> _What you should do_:
Pictures are not part of the copy; reproduce the remaining data exactly.

> _Input for this task_:
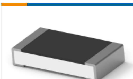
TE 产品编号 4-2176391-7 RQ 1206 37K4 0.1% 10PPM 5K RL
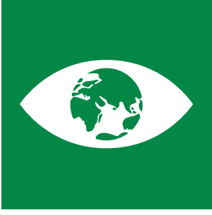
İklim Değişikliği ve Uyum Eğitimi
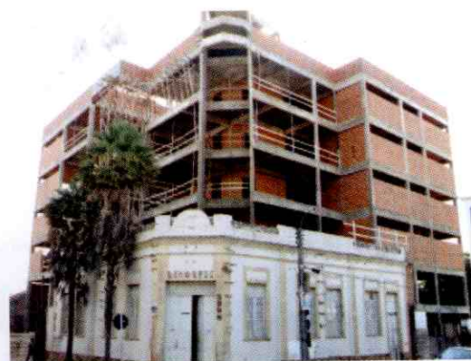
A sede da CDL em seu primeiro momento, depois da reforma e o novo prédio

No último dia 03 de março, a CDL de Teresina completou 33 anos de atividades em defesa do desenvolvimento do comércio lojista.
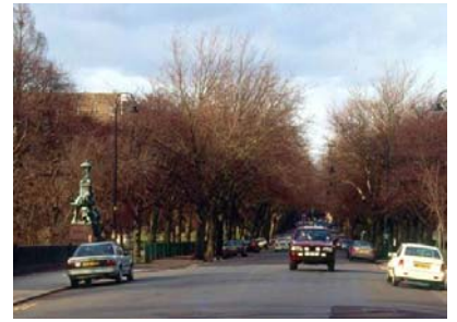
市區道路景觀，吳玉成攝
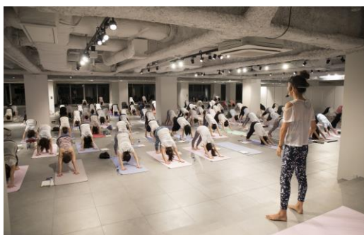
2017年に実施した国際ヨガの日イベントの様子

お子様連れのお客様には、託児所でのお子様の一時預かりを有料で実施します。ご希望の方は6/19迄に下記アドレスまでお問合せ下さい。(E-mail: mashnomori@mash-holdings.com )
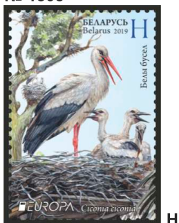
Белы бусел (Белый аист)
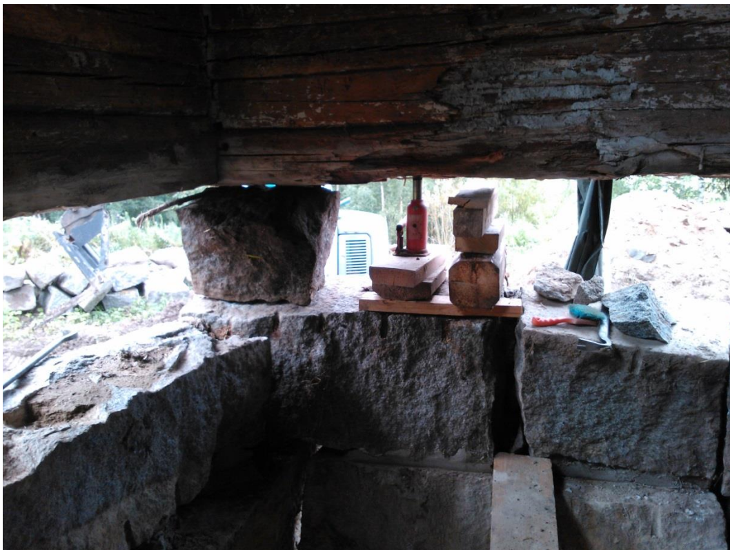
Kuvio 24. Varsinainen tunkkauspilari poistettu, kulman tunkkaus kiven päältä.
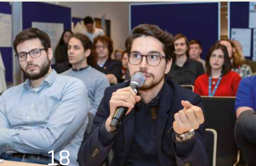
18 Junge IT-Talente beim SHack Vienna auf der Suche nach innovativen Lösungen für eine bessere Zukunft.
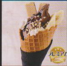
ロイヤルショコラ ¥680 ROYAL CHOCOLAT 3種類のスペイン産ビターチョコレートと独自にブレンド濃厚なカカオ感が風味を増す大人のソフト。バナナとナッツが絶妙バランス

> _Output of the exercise_:
TE 产品编号 4-2176391-7 RQ 1206 37K4 0.1% 10PPM 5K RL
İklim Değişikliği ve Uyum Eğitimi
A sede da CDL em seu primeiro momento, depois da reforma e o novo prédio

No último dia 03 de março, a CDL de Teresina completou 33 anos de atividades em defesa do desenvolvimento do comércio lojista.
市區道路景觀，吳玉成攝
2017年に実施した国際ヨガの日イベントの様子

お子様連れのお客様には、託児所でのお子様の一時預かりを有料で実施します。ご希望の方は6/19迄に下記アドレスまでお問合せ下さい。(E-mail: mashnomori@mash-holdings.com )
Белы бусел (Белый аист)
Kuvio 24. Varsinainen tunkkauspilari poistettu, kulman tunkkaus kiven päältä.
18 Junge IT-Talente beim SHack Vienna auf der Suche nach innovativen Lösungen für eine bessere Zukunft.
ロイヤルショコラ ¥680 ROYAL CHOCOLAT 3種類のスペイン産ビターチョコレートと独自にブレンド濃厚なカカオ感が風味を増す大人のソフト。バナナとナッツが絶妙バランス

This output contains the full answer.